[Items listed in a dataset]
= = = = =

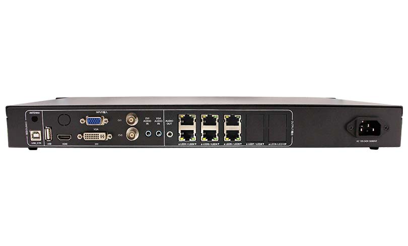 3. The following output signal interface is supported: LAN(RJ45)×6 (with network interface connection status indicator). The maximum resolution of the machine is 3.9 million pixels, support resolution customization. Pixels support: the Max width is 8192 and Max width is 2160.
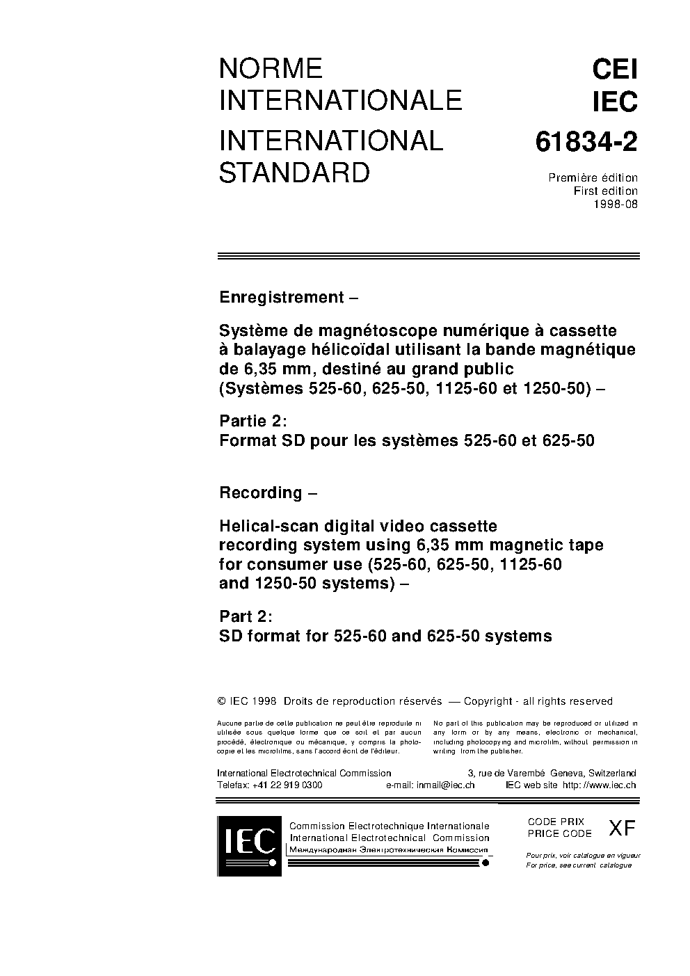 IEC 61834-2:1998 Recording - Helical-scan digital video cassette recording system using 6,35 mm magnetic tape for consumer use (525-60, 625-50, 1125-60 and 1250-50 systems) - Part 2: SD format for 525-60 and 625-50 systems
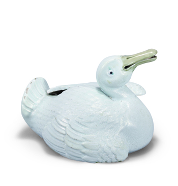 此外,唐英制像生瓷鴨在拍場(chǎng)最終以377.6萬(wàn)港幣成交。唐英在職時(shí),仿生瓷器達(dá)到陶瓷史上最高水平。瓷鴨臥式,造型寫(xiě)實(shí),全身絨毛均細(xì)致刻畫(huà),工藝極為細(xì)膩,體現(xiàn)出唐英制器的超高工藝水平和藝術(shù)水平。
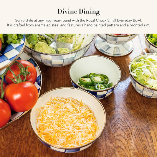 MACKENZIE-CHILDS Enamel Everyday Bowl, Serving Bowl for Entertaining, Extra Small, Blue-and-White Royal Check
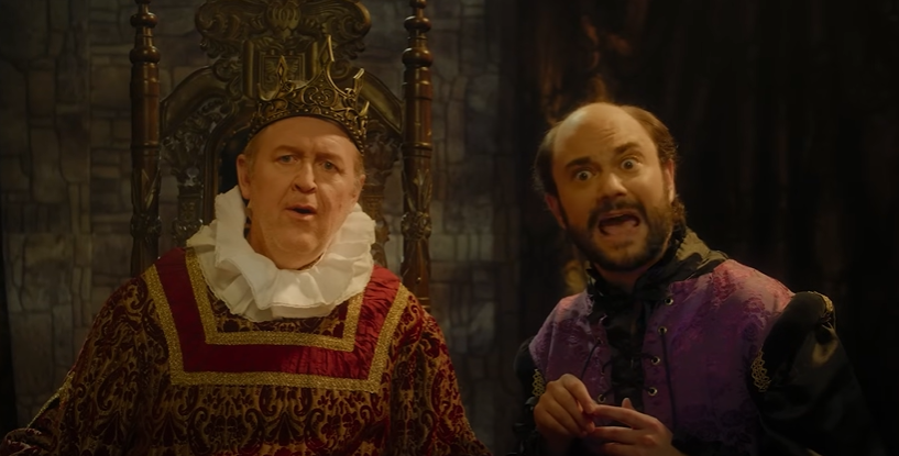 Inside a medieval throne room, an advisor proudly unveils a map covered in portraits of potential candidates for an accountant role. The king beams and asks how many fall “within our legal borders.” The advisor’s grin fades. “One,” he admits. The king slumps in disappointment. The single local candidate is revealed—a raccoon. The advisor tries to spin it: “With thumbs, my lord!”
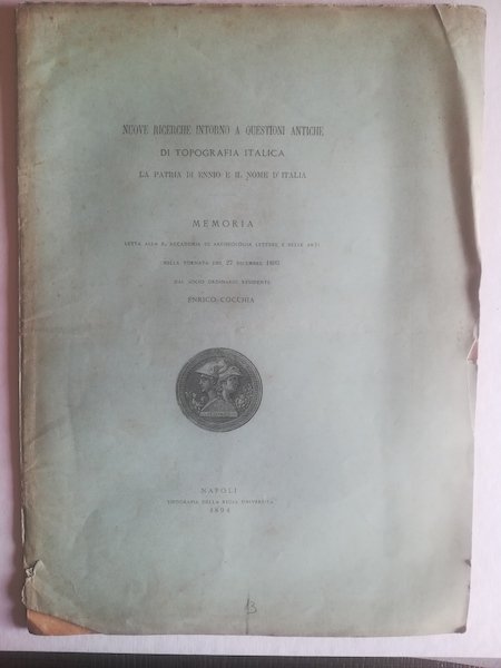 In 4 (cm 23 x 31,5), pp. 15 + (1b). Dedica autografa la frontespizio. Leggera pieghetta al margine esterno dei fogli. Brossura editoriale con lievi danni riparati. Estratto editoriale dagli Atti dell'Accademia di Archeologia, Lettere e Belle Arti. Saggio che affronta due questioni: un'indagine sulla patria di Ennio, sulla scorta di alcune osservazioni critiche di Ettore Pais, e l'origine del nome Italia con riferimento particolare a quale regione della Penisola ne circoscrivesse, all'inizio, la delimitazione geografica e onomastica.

= = = = =

▸ **WHAT TO PRODUCE**:
Restate the entries above word for word, and keep the pictures out.

▸ **YOUR RESPONSE**:
 3. The following output signal interface is supported: LAN(RJ45)×6 (with network interface connection status indicator). The maximum resolution of the machine is 3.9 million pixels, support resolution customization. Pixels support: the Max width is 8192 and Max width is 2160.
 IEC 61834-2:1998 Recording - Helical-scan digital video cassette recording system using 6,35 mm magnetic tape for consumer use (525-60, 625-50, 1125-60 and 1250-50 systems) - Part 2: SD format for 525-60 and 625-50 systems
 此外,唐英制像生瓷鴨在拍場(chǎng)最終以377.6萬(wàn)港幣成交。唐英在職時(shí),仿生瓷器達(dá)到陶瓷史上最高水平。瓷鴨臥式,造型寫(xiě)實(shí),全身絨毛均細(xì)致刻畫(huà),工藝極為細(xì)膩,體現(xiàn)出唐英制器的超高工藝水平和藝術(shù)水平。
 MACKENZIE-CHILDS Enamel Everyday Bowl, Serving Bowl for Entertaining, Extra Small, Blue-and-White Royal Check
 Inside a medieval throne room, an advisor proudly unveils a map covered in portraits of potential candidates for an accountant role. The king beams and asks how many fall “within our legal borders.” The advisor’s grin fades. “One,” he admits. The king slumps in disappointment. The single local candidate is revealed—a raccoon. The advisor tries to spin it: “With thumbs, my lord!”
 In 4 (cm 23 x 31,5), pp. 15 + (1b). Dedica autografa la frontespizio. Leggera pieghetta al margine esterno dei fogli. Brossura editoriale con lievi danni riparati. Estratto editoriale dagli Atti dell'Accademia di Archeologia, Lettere e Belle Arti. Saggio che affronta due questioni: un'indagine sulla patria di Ennio, sulla scorta di alcune osservazioni critiche di Ettore Pais, e l'origine del nome Italia con riferimento particolare a quale regione della Penisola ne circoscrivesse, all'inizio, la delimitazione geografica e onomastica.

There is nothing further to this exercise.